Marjorie Crear, 66, lives alone and suffers from hypertension and diabetes with complications. She is recovering from a recent stroke and a heart attack. The Los Angeles resident shows up often in the UCLA Emergency Department and has been frequently hospitalized.
In an effort to get Crear on a healthier path, she was assigned last November to a UCLA comprehensive care coordinator. The coordinator is working to ensure Crear takes her medications, keeps her appointments and remains on a consistent plan designed by her primary care physician and care team — including multiple specialists — so she can hopefully avoid further trips to the emergency room and costly hospitalizations. Care coordinator Tiffany Phan, who has a master’s in public health, is also working on arranging more suitable housing for Crear. Phan is helping to move her out of her current Section 8 apartment to a different unit that can better accommodate the limitations she encounters in daily living.
Care coordinator Tiffany Phan (left) helps Marjorie Crear sort through her many appointments and doctors' instructions. She's also helping Crear find an apartment that's better suited to her limitations.
"We try to make sure high-risk patients don’t fall through the cracks," said Phan, who is assigned patients based on how complex their health problems are. "These patients need a little extra attention."
Patients with high-risk factors are most frequently assigned to care coordinators through patient registries, post-discharge reporting from the emergency department and hospital, and by primary care providers.
For Crear, Phan may prove to be a life saver — literally.
Crear said that after her heart attack on June 3 and the stroke that followed on Sept. 30, she had trouble keeping all her various medications in order and remembering to take them at the prescribed times. Phan visited with her multiple times in the clinic to set her on the right path.
Said Crear: "She printed out a list of all my medications and helped me get straight which ones to take at what times. That really helped because sometimes I get a little confused, and I feel a little sick if I take the pills too close together." Phan also calls her to remind her to take medications to keep her blood pressure and diabetes in check.
The program, Crear said, has been "very helpful. I can call Tiffany, in addition to calling the doctor for everything. I’ve never had as much help before as I get with this program."
The Patient Centered Medical Home Program, which fosters the comprehensive care coordinators, was launched about 16 months ago and currently employs 19 people — 15 care coordinators, two clinical advisers, a licensed clinical social worker and a nurse case manager. Their task is to help navigate high-risk patients like Crear inside and outside of the health system. Through planned interventions, care coordinators guide patients through what can be a confusing health care system, particularly for those with multiple health problems and all the additional physicians, specialists and appointments that entails.

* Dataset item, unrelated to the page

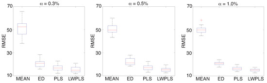 RMSE of RRI interpolated by MEAN, ED, PLS, and LWPLS when (left), 0.5% (center), and 1% (right) when a simulation was repeated 30 times using all of the eighteen pieces of validation data. The proposed LWPLS-RI achieved the best interpolation performance.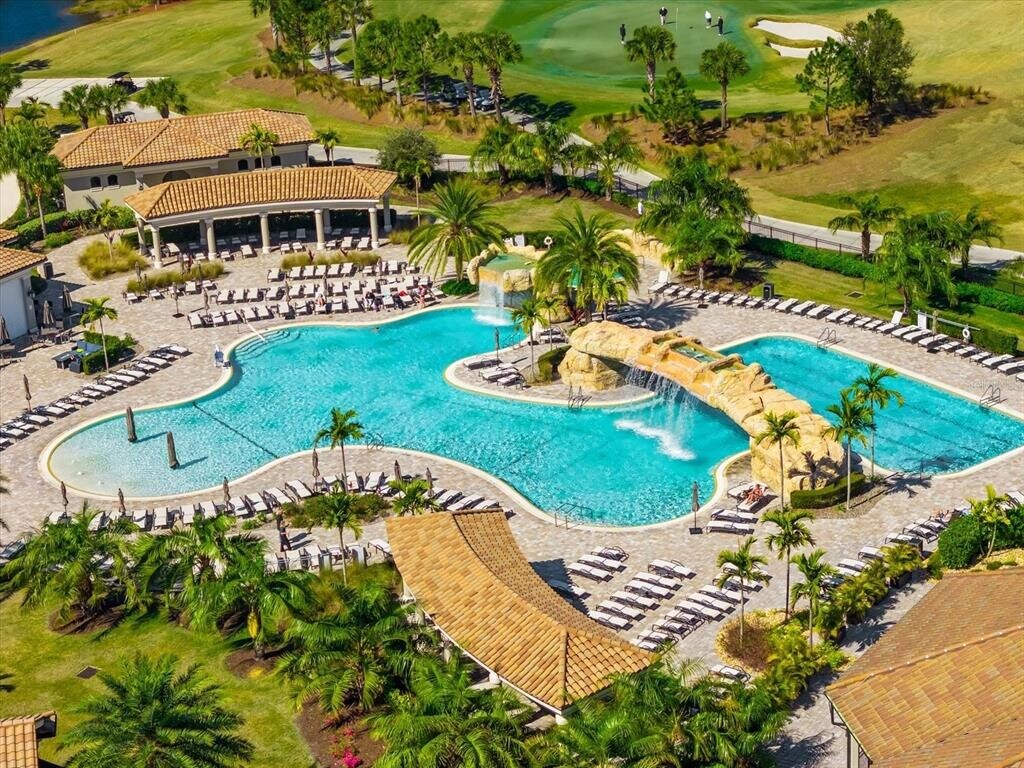 Welcome to this beautiful Condo named "Paradise Found" at Lakewood National Golf Club. Whether your definition of paradise is enjoying a wide variety of outdoor sports, power shopping at the huge selection of area malls and specialty boutiques, or sunning at our resort pool or our world renowned beaches, you can experience it all while staying at our NEW 2 bed/ 2 bath condominium overlooking a picturesque lake and one of Lakewood National’s TWO Arnold Palmer-designed championship golf courses. Golf – Our club membership is transferable to you for a fee to you during your stay. This golf course recently ranked as one of the Top 50 courses in all of the U.S. by Golf Advisor and the #3 public accessible course in all of Florida!) Fittingly, it’s also home to the PGA Korn Ferry Tour LeCom Classic pro tournament each year. Recreation – 8 lighted Har-Tru tennis courts, two pickleball courts, a bocce ball court, a 24-hour professionally equipped fitness facility with full-time trainer and activities director, locker rooms, and a relaxing full-service Utopia Spa for pampering afterwards. Shopping – Enjoy St. Armands Circle with its plethora of boutiques, Lakewood Ranch’s University Town Center Mall, the Ellington Premium Outlet Mall, or the multitude of shops in each of the 20+ villages throughout Lakewood Ranch. Explore any of Sarasota’s nationally recognized white sand beaches only 30 minutes away - Lido Beach, Longboat Key, Anna Maria Island, and, of course, #1 rated Siesta Key Beach! Closer to home, experience the good life sunning by the zero-entry resort pool surrounded by palm trees and waterfalls, all while sipping a cool drink from the nearby Tiki Bar. Home in Paradise – Did I mention it’s BRAND NEW? You’ll surely enjoy our coastal-style condo, fully outfitted with everything you need for a relaxing visit. Enter into a luxurious kitchen with all white cabinets, marble-look quartz counters, and stainless steel appliances. Just beyond, the nicely appointed dining room and living room (with 65” 4K Smart TV) are open to the kitchen so you have a fantastic view to the lake and part of the golf course, not to mention the screened-in lanai seating area, which is great for relaxing anytime. The Master bedroom has its own view of the lake and golf course, and is outfitted with a king size, hotel-quality mattress, 50” 4K Smart TV, two walk-in closets and an en-suite bath complete with quartz counter tops and a large walk-in tiled shower. The Guest bedroom is outfitted with a queen bed, nightstands and a separate dresser to store your personal belongings. (A rollaway bed is also on hand for that extra 5th guest.) Need a tub? The second full bath (next to the guest bedroom) has a tub/shower combo, and includes the very convenient in-unit, full sized washer and dryer set. There will be a transfer fee of $642.00 if the guests want to have all the amenities transferred which will include a golf membership to you, for the entire length of their stay. There is a charge per round per person of $75 for 18 holes and $45 for 9 holes each time you want to play. Prices are subject to change. Availability Strating April 1st - December 2026 for Long Term January 1st -March 31st, 2026, has been reserved & booked!!

Care coordinators also help patients access other services such as behavioral health and Meals on Wheels; they can arrange for transportation to and from appointments as well as work with pharmaceutical companies to get discounted prescriptions for low-income patients. They can also help patients who may have limited health coverage, or none at all, to enroll in programs such as Medi-cal and Medicare.
If necessary, care coordinators will sit in on physician appointments to make sure patients leave the doctor's office with a clear knowledge of their care plan.
The program is designed to assist UCLA primary care physicians with their complex patient panels. Many of these primary care physicians were performing these tasks themselves, aimed at preventing costly visits to the emergency room and expensive hospitalizations, said Jordan Hall who oversees the program as director of public health management and medical home care coordination. "We target patients with high utilization of emergency department services and who have been admitted into the hospital multiple times," Hall said, and are at high risk of returning there. "Our goal is to provide care coordination services to these fragile patients in varying acuity levels with the goal of helping them transition to healthy care plans. This includes making regular contact with patients and becoming a consistent resource in their care team."
Care coordinators are available at 14 UCLA Health primary care practices, many with high numbers of geriatric patients.
The program is operational in 14 UCLA Health primary care practices, Hall said. Many of these practices have high numbers of geriatric patients, who often have the most acute problems. Working together, care coordinators and physicians put patients on a healthy path when possible and ultimately place patients on care plans that lead to the highest functional status and quality of life.
"We want to provide them with the right tools to prevent them from coming back to the hospital even sicker than they were before," Hall said.